▶ **TASK TO COMPLETE**: Should an entry contain an image, omit it and repeat the rest exactly.

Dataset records

_ _ _

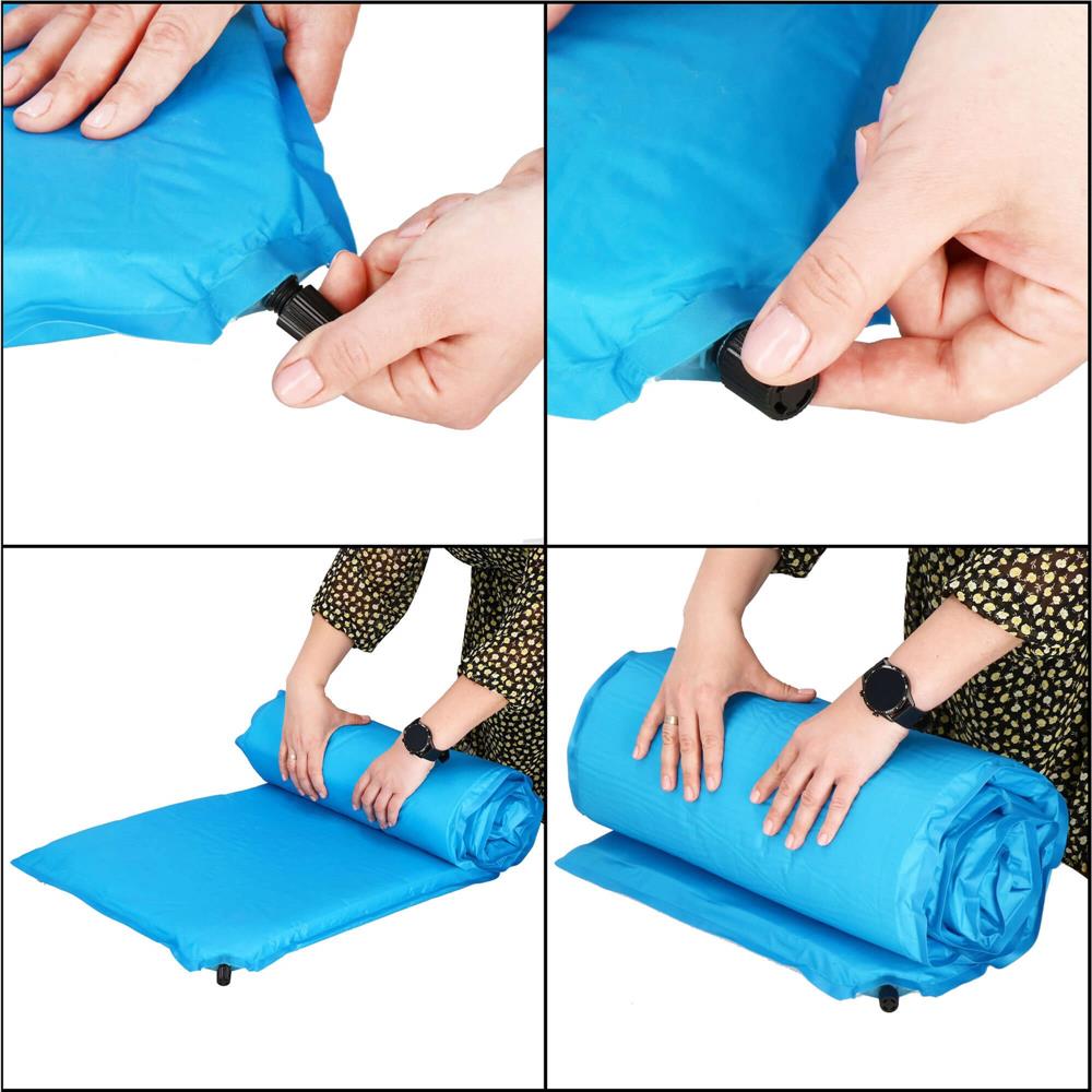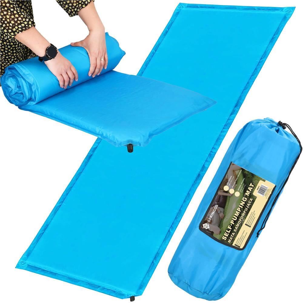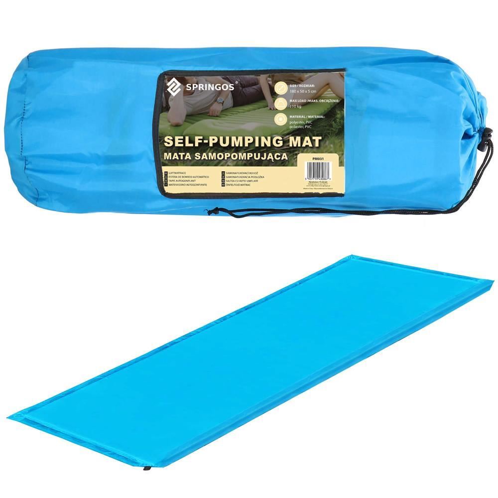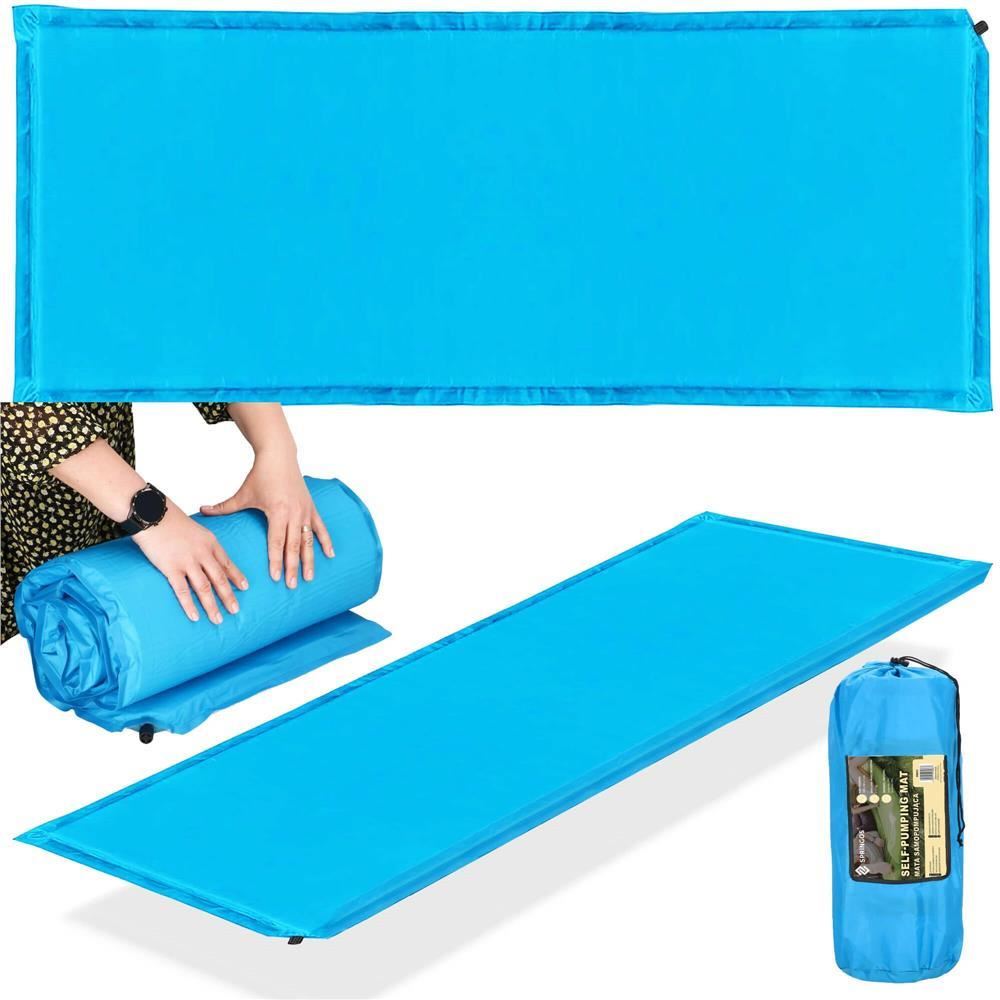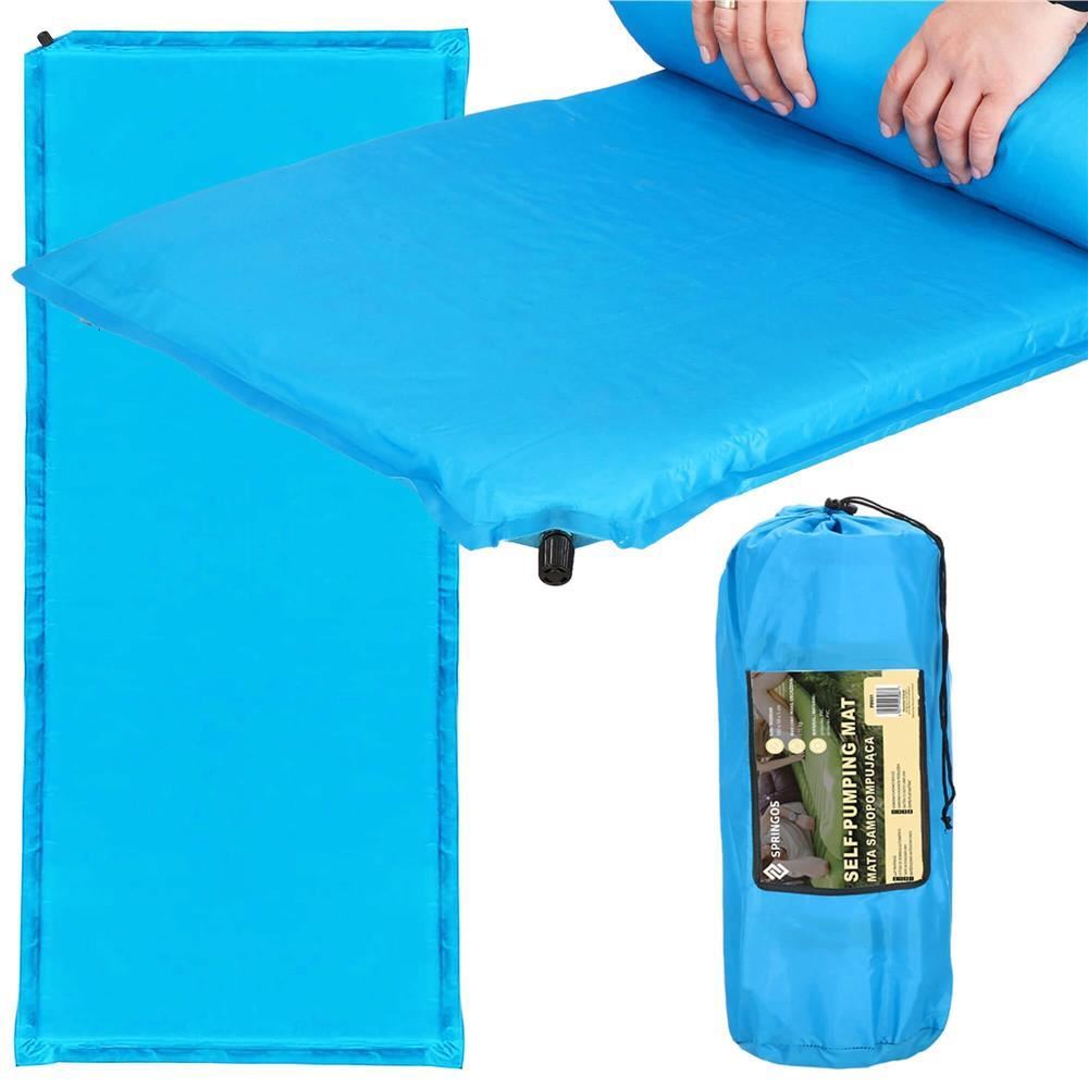 Selbstaufblasende Campingmatratze, Polyester und PU-Schaum, blau, 180x50 cm, Springos
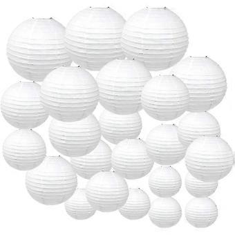 24pcs White Chinese Paper Lanterns Assorted Sizes Round Decorative
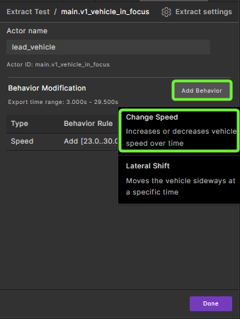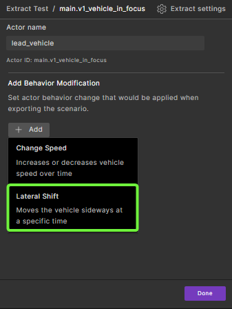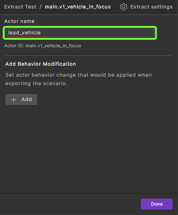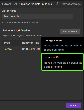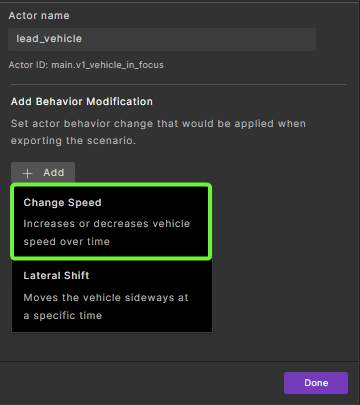 You can modify actors and their behavior in a Smart Replay scenario in the Foretify Manager GUI. You can also modify actor behavior using the Smart Replay scenario modifiers.
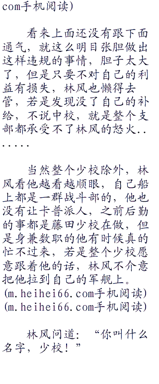 后勤部的将级“八零零”以下的军官军衔在和战斗部的相比都是降一级的,也就是在林风的面前,若这个最高长官也是一个上校,那么他对林风只是一个中校,更何况他只是一个中校,在林风的面前也只能算一个少校,就算藤田少校也有资格和他平起平坐,他现在的隶属战斗部,而不是后勤部了。
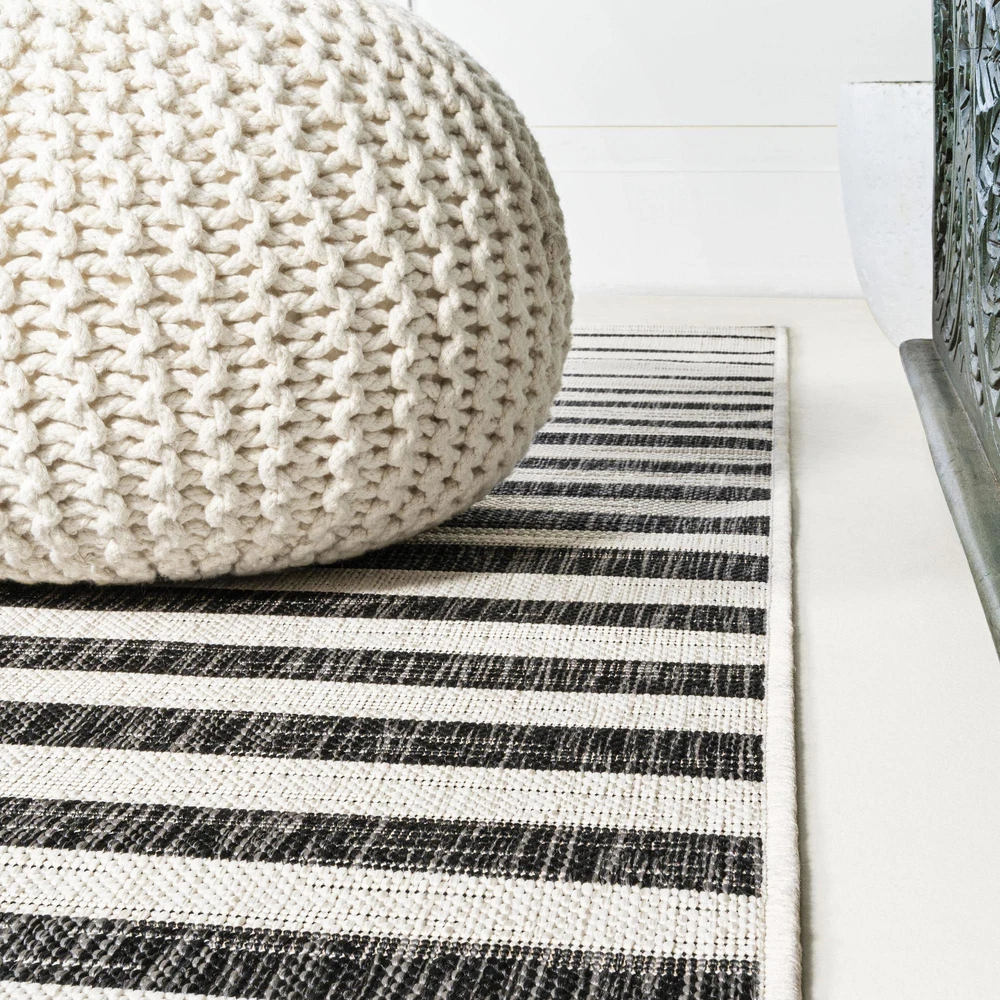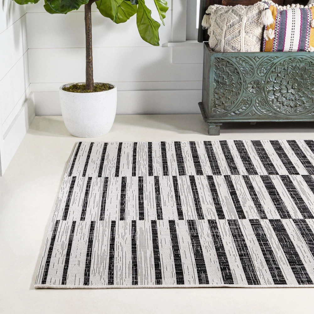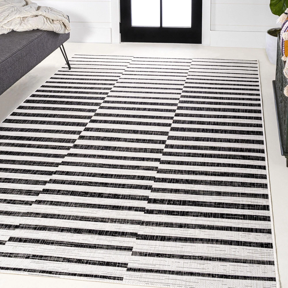 1. This rug is a game-changer! The soft, low-pile polypropylene feels great underfoot and the offset stripes add a stylish mid-century vibe. Perfect for indoor or outdoor use, it’s durable, easy to clean, and instantly elevates any space. The ivory and black color combo is timeless—works in living rooms, bedrooms, or even entryways. Love how versatile and chic it is!
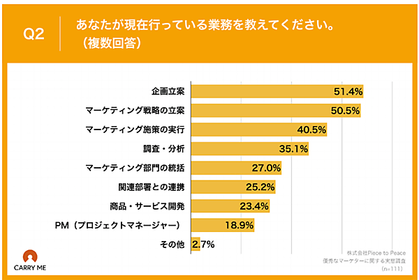 「現在行っている業務」については、「企画立案」51.4%、「マーケティング戦略の立案」50.5%、「マーケティング施策の実行」40.5%が上位だった。
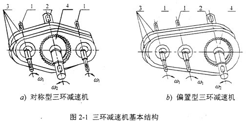 星型少齒差減速機(jī)雖然只有一片內(nèi)齒環(huán)板,結(jié)構(gòu)簡單,易于滿足傳力條件和裝配條件。但是它的環(huán)板軸承所受載荷在傳遞相同的輸出扭矩的情況下比對稱型、偏置型三環(huán)減速機(jī)大很多,環(huán)板及其軸承較易損壞,在設(shè)計(jì)和實(shí)際使用中應(yīng)避免采用這種結(jié)構(gòu)布置形式。
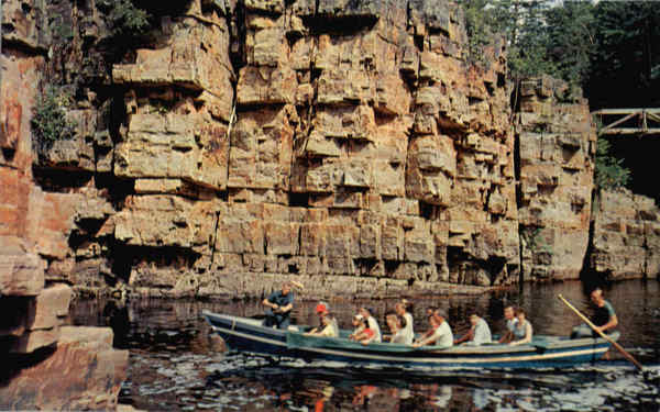| Competent guides indicate the points of interest as flat bottomed boats carry visitors downstream on the AuSable River as it flows toward Lake Champlain. This world renowned scenic wonder has been open to the public since 1873 and is visited annually by s |
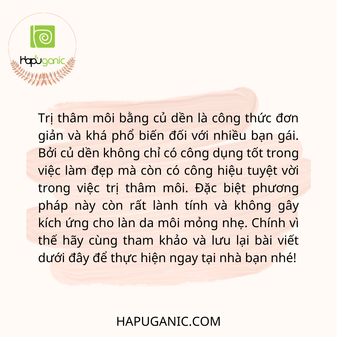 MẶT NẠ DƯỠNG MÔI AN TOÀN TẠI NHÀ TỪ BỘT CỦ DỀN HAPU ORGAIC
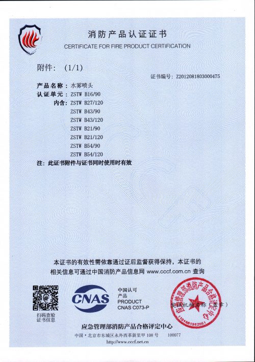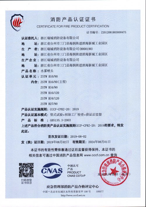 产品标准:GB5135.3《自动喷水灭火系统 第3部份:水雾喷头》
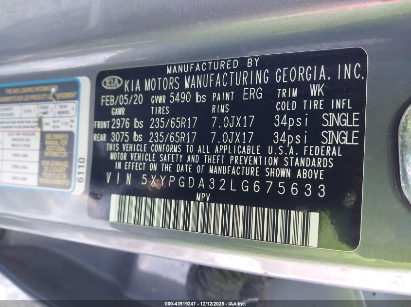 2020 KIA SORENTO L
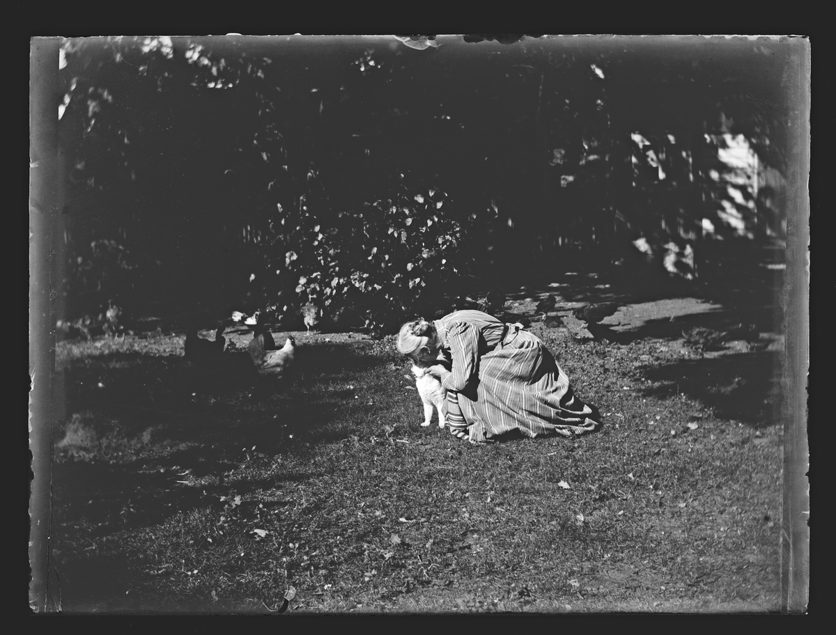 Titel: Bilden visar en kvinna som leker med en katt i trädgården.
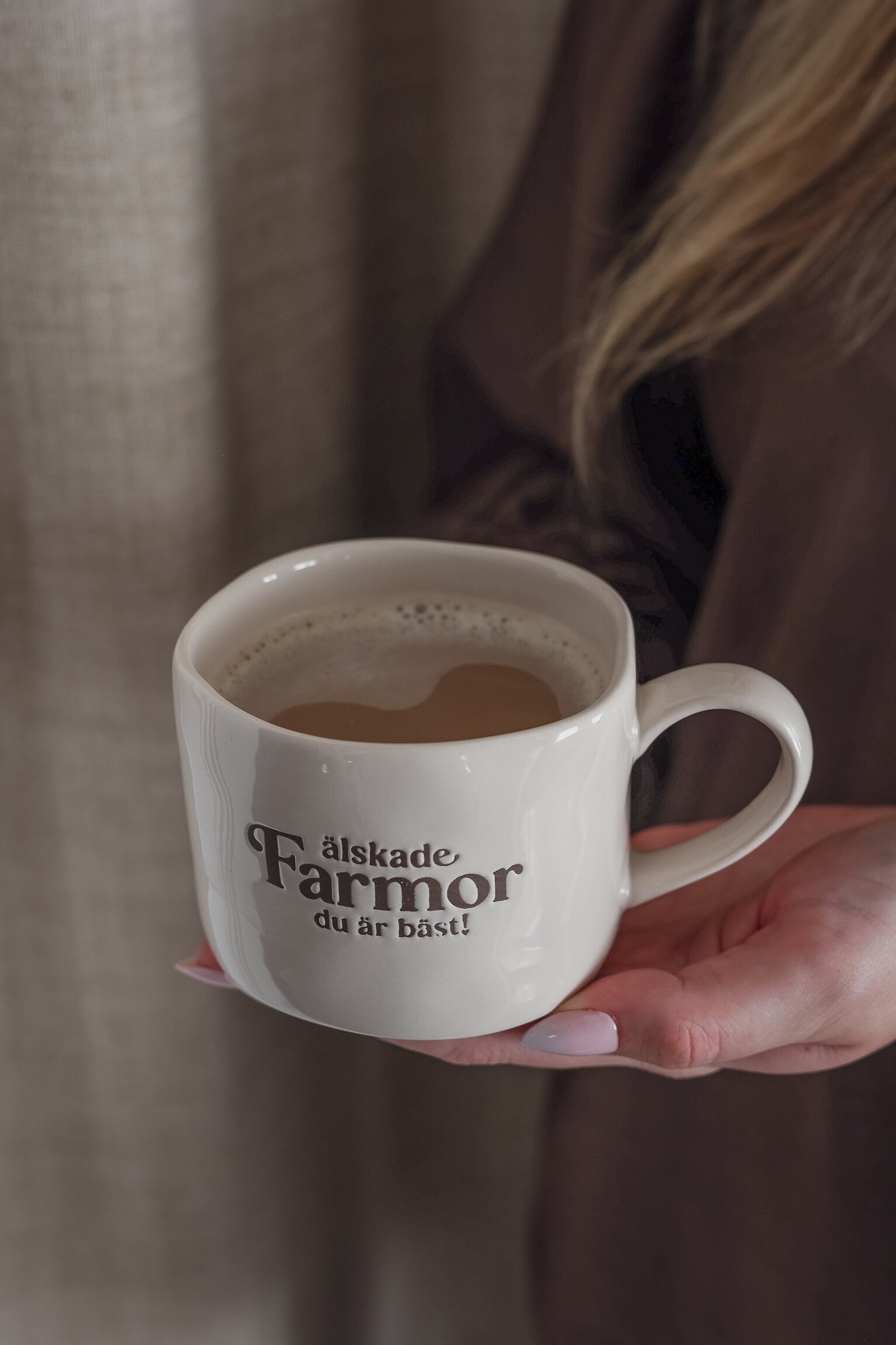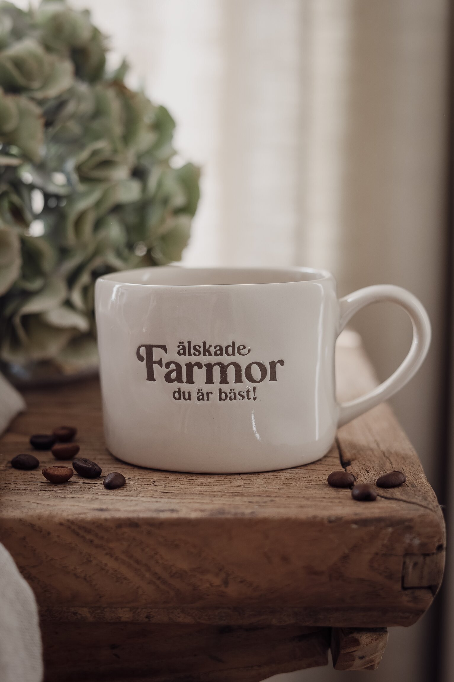 Mugg i stengods med texten Älskade farmor – en varm och omtänksam present till den du tycker extra mycket om. Den stilrena designen gör muggen lika fin till vardags som till mysiga fikastunder, och den passar perfekt att ge bort vid födelsedag eller bara som en liten överraskning.

_ _ _

▶ **SOLVED PROBLEM**:
 Selbstaufblasende Campingmatratze, Polyester und PU-Schaum, blau, 180x50 cm, Springos
 24pcs White Chinese Paper Lanterns Assorted Sizes Round Decorative
 You can modify actors and their behavior in a Smart Replay scenario in the Foretify Manager GUI. You can also modify actor behavior using the Smart Replay scenario modifiers.
 后勤部的将级“八零零”以下的军官军衔在和战斗部的相比都是降一级的,也就是在林风的面前,若这个最高长官也是一个上校,那么他对林风只是一个中校,更何况他只是一个中校,在林风的面前也只能算一个少校,就算藤田少校也有资格和他平起平坐,他现在的隶属战斗部,而不是后勤部了。
 1. This rug is a game-changer! The soft, low-pile polypropylene feels great underfoot and the offset stripes add a stylish mid-century vibe. Perfect for indoor or outdoor use, it’s durable, easy to clean, and instantly elevates any space. The ivory and black color combo is timeless—works in living rooms, bedrooms, or even entryways. Love how versatile and chic it is!
 「現在行っている業務」については、「企画立案」51.4%、「マーケティング戦略の立案」50.5%、「マーケティング施策の実行」40.5%が上位だった。
 星型少齒差減速機(jī)雖然只有一片內(nèi)齒環(huán)板,結(jié)構(gòu)簡單,易于滿足傳力條件和裝配條件。但是它的環(huán)板軸承所受載荷在傳遞相同的輸出扭矩的情況下比對稱型、偏置型三環(huán)減速機(jī)大很多,環(huán)板及其軸承較易損壞,在設(shè)計(jì)和實(shí)際使用中應(yīng)避免采用這種結(jié)構(gòu)布置形式。
| Competent guides indicate the points of interest as flat bottomed boats carry visitors downstream on the AuSable River as it flows toward Lake Champlain. This world renowned scenic wonder has been open to the public since 1873 and is visited annually by s |
 MẶT NẠ DƯỠNG MÔI AN TOÀN TẠI NHÀ TỪ BỘT CỦ DỀN HAPU ORGAIC
 产品标准:GB5135.3《自动喷水灭火系统 第3部份:水雾喷头》
 2020 KIA SORENTO L
 Titel: Bilden visar en kvinna som leker med en katt i trädgården.
 Mugg i stengods med texten Älskade farmor – en varm och omtänksam present till den du tycker extra mycket om. Den stilrena designen gör muggen lika fin till vardags som till mysiga fikastunder, och den passar perfekt att ge bort vid födelsedag eller bara som en liten överraskning.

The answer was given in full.